Lights Out: Nonsensical, but Still Highly Effective
At this point, it’s well-known that the horror genre is one of the hardest genres to have an original thought in. Chances are, if you think of an idea that you believe is creative and new, it’s probably already been done 100 different times and in many different ways. This has led to filmmakers taking ideas that aren’t exactly original and trying to retool them in one way or another in an attempt to make them feel fresh for an audience who are familiar with standard horror tropes. A recent example would be something like the brilliant “The Cabin in the Woods.” Would you really want to see another film that’s simply about a group of teenagers who go to a cabin and get killed off? No, which is why the filmmakers took the premise and put a fun and unexpected twist on it.
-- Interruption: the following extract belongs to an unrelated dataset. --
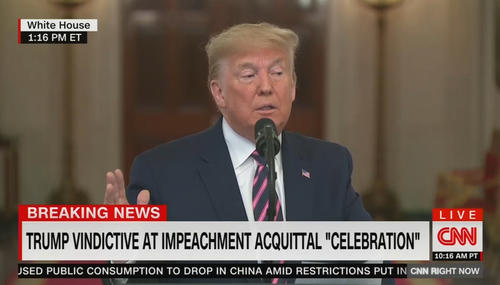 CNN showcased for all to see Thursday afternoon its undisputed position as leader of the opposition party and hate for President Trump, lashing out at the post-impeachment speech as an “angry,” “dark,” “disturbing,” “mean-spirited,” “poisonous,” “spiteful,” and “vindictive” “set of remarks” by a man in “a dark place” and “deep psychological distress.”

It’s a somewhat similar situation to “Lights Out,” a film that uses the old “creature can’t stand the light” setup, but surrounds it with its own rules and backstory. The film revolves around a young boy, Martin (Gabriel Bateman), his older sister, Rebecca (Teresa Palmer), and their mother, Sophie (Maria Bello). The father of the family died under mysterious circumstances (though we witness it in full), which left the mentally-unstable Sophie to take care of Martin. We soon learn that there is a presence in his house, the same one which was responsible for his father’s death, which has caused him to lose sleep. Rebecca is eventually brought into the situation, but seeing that her mother is still not quite right, she decides to take Martin with her to her apartment. However, the presence (which only appears in the dark) follows them, forcing Rebecca to get to the bottom of a decades-old mystery involving her mother’s troubled past.
At first glance, “Lights Out” sounds like nothing more than your typical ghost story, with some kind of spirit attaching itself to a typical horror movie family, but as the film moves along, we find that it’s a little something different. We eventually learn all about this apparition: who it was, where it came from, and why it’s bothering these poor people. What’s particularly interesting about this backstory is that it doesn’t make much sense at all, but stranger still, it actually works as one of the film’s strengths.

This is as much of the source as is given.